A recipe for growing & making Chinese cucumber pickles

Chinese cucumber pickle


CHINESE cucumber pickle...
When I lived in Hong Kong and travelled to China on business trips, I was introduced to a kind of cucumber pickle salad that was always served cold during meals.  In this dish, the cucumber slices were dressed in a delicious combination of garlic, vinegar and sesame oil that was so addictive I couldn't stop eating them. Now, every time I think of those crisp, juicy pieces of cucumber sitting in that garlic-ky vinegar, it sends my salivary glands into overdrive.
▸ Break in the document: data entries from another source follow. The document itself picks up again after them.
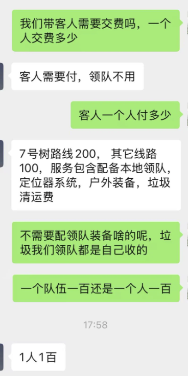 社交聊天截图显示,有户外徒步组队信息标注“队员100元/人”。网络截图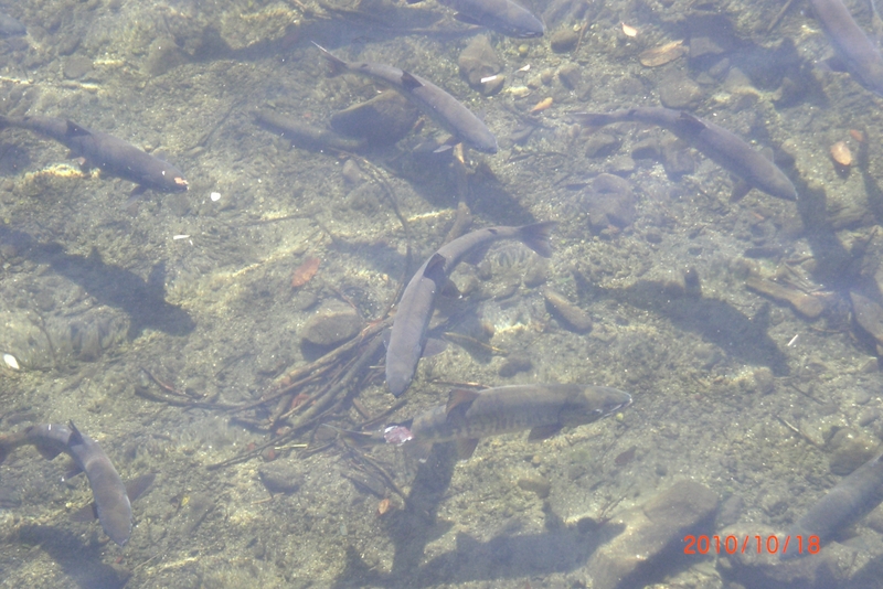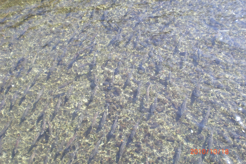 釜石の手前 唐丹町で毎年見られる鮭の遡上、国道45号線の真下での写真です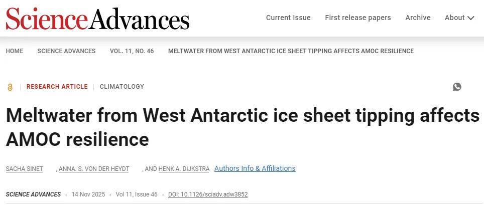 地球小冰河可以改变了? 《科学进展》杂志发表研究,在南极冰川融化之下找到了转变节点,可以改变或者说逆转AMOC崩塌迹象,这是怎么回事?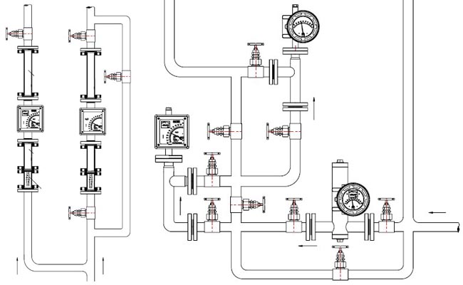 五、金屬管浮子流量計安裝示意圖: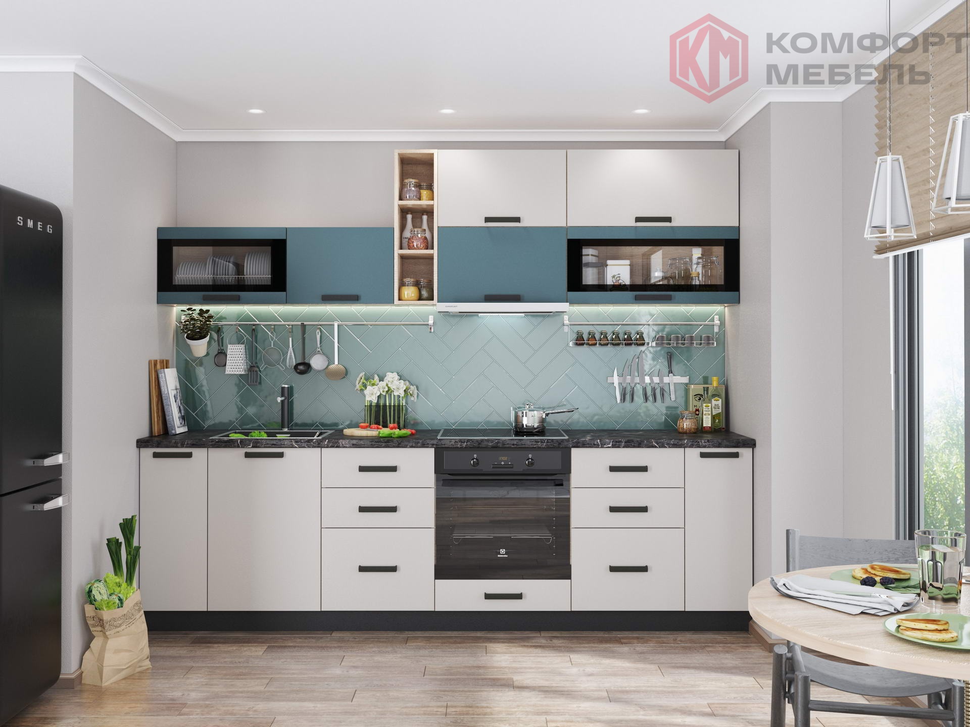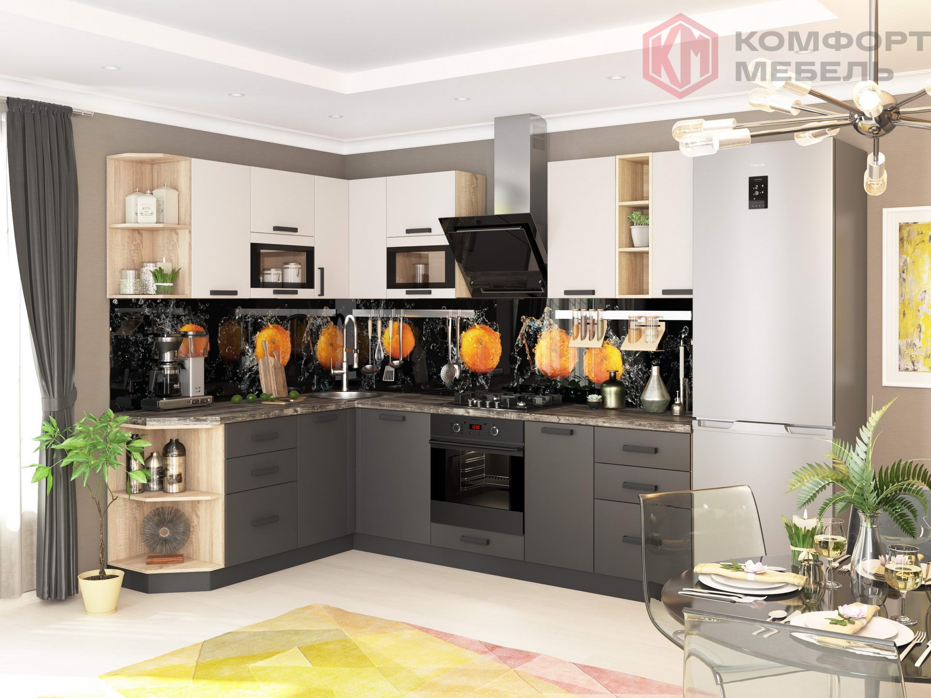 Элегантный и изысканный древесный декор корпуса «Дуб Сонома» в сочетании с насыщенными матовыми цветами фасадов открывают широкий простор для смелых экспериментов.

A few years later and now several thousands of miles away in the Chiltern foothills, I wander down to our kitchen garden, gleeful in anticipation of the young green cucumbers that I know are hanging from the vine. A quick flick of a sharp pen knife releases them and the slender, long fruits are soon laid out on a wooden chopping board ready to be cut up. With my chopsticks, I toss the crisp cucumber half rounds with sesame oil, garlic and rice vinegar - a perfect balance of cool and warmth. Light soy sauce brings saltiness to the dish and a smattering of finely diced chilli is added for a touch of heat.





Chinese cucumber pickle

Serves 4 as a side


Ingredients

cucumbers (small), chopped into half rounds
1-2 garlic cloves, minced
chilli, finely chopped
1 tablespoon light soy sauce
1 tablespoon sesame oil
1 tablespoon chinese wine (shao hsing)
1 tablespoon oyster sauce
Ginger, grated

1 teaspoon caster sugar (optional)

Method

Combine the sesame oil, light soy sauce, rice vinegar, sugar, garlic and chilli.

Place the cucumber into a bowl. Add the dressing and toss to combine.

This pickle can be served with roast mackerel, grilled salmon or pork.




If you are looking for rice vinegar, try Sainsbury's rice vinegar, which I used in this recipe.


Growing cucumbers

If you are growing your own cucumbers, pick them small while they are young and crisp.

The more mature and larger cucumbers work better if you scoop out the watery seed content before using.

Contrary to popular belief, you don't need a greenhouse to grow cucumbers and they can be successfully grown outdoors. Try 'Burpless Tasty Green' which is reliable and productive - I prefer to support the plants with canes to allow them to climb upwards keeping the cucumbers off the ground.